My gym is in a hotel, and we have grown to love german tourists as they consider it acceptable to enter the sauna topless (the birds that is), i nearly choked when i seen the mother walk in, followed by her 18ish year old daughter, both of them with their fun bags on full show. Lets just say they diddnt last long with all the peering eyes :lol:

Any one know what thats all about? Ze germans love to get ze boobies out?


----------



## UKLifter88 (Sep 19, 2011)

My local sauna is mixed sex but they do have "ladies only" for about an hour each day


----------



## ukiwi girl (Feb 23, 2010)

I go to David Lloyd for sauna etc - is mixed. It can be annoying that guys think they can hit on you when you just want to relax and chill out!


----------



## irishdude (Sep 26, 2009)

RelaxTheBody said:


> My gym is in a hotel, and we have grown to love german tourists as they consider it acceptable to enter the sauna topless (the birds that is), i nearly choked when i seen the mother walk in, followed by her 18ish year old daughter, both of them with their fun bags on full show. Lets just say they diddnt last long with all the peering eyes :lol:
> 
> Any one know what thats all about? Ze germans love to get ze boobies out?

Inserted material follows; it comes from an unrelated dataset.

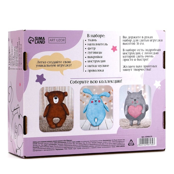 Набор для шитья. Мягкая игрушка своими руками «Кот Марсик», 31 см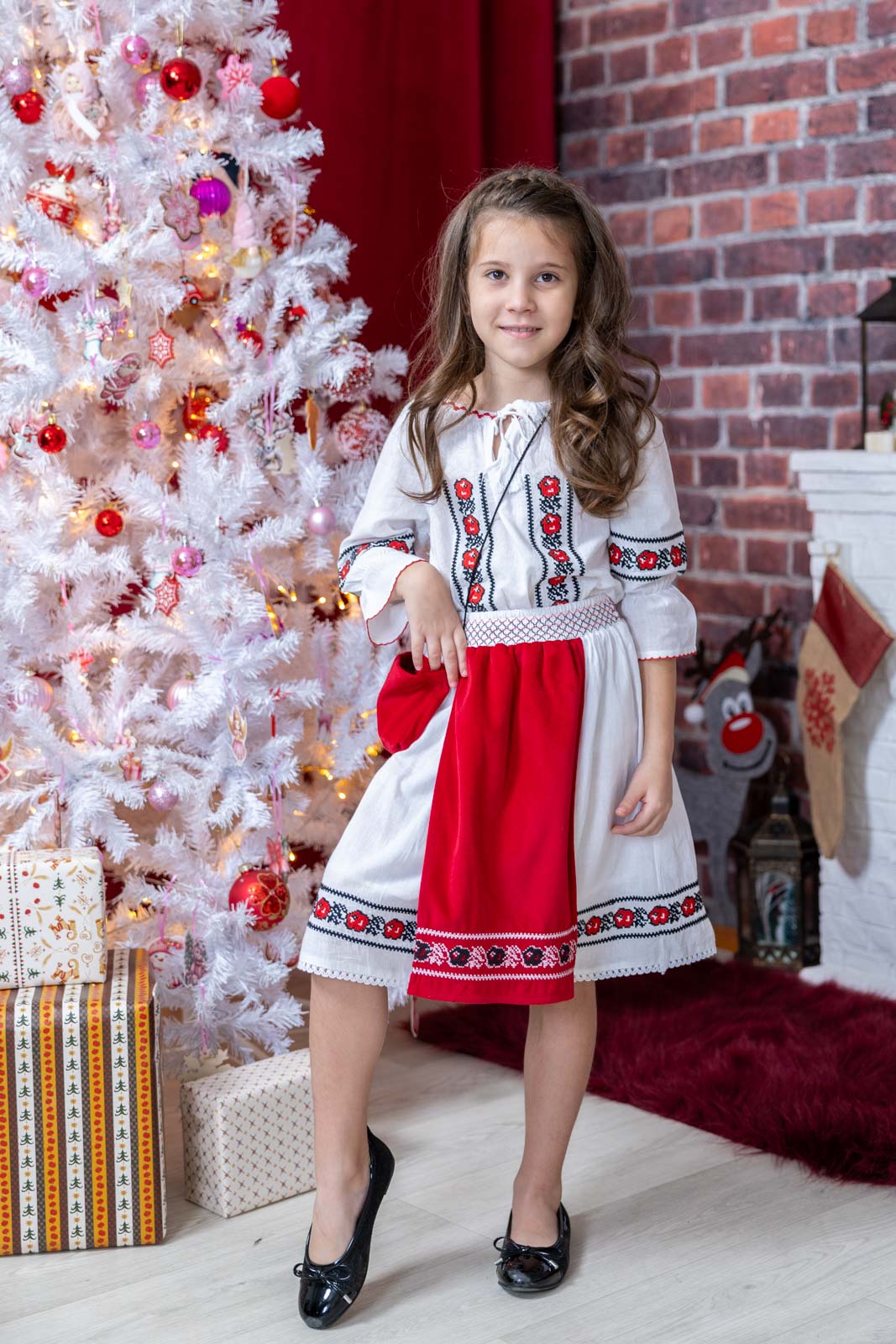 Setul Tradițional Maia pentru fete conține vestă, fustă, 2 fote, ie și geantă, cu motive românești. Ținută completă, elegantă și perfectă pentru serbări, festivaluri și sărbători.

What can i say mate - there a lot more liberal here on the mainland. Lots of naturist beaches about and pretty normal to go to the sauna (sometimes mixed) totally starkers. Takes a bit of getting used to (we are prudes in UK and Ireland) but after a while it's no big deal. Get to see loads of t*ts and p*ssy but the novelty wears off. And they can see you too in the buff which can make you feel very self conscious.


----------



## Dorian Gray (Dec 5, 2011)

ukiwi girl said:


> I go to David Lloyd for sauna etc - is mixed. It can be annoying that guys think they can hit on you when you just want to relax and chill out!


I know the feeling, birds do be hanging off me, literally sliding off the sauna seat they are so wet for me, im not a fvcking peace of meat, there is more to me than a exceptionally large member



irishdude said:


> What can i say mate - there a lot more liberal here on the mainland. Lots of naturist beaches about and pretty normal to go to the sauna (sometimes mixed) totally starkers. Takes a bit of getting used to (we are prudes in UK and Ireland) but after a while it's no big deal. Get to see loads of t*ts and p*ssy but the novelty wears off. And they can see you too in the buff which can make you feel very self conscious.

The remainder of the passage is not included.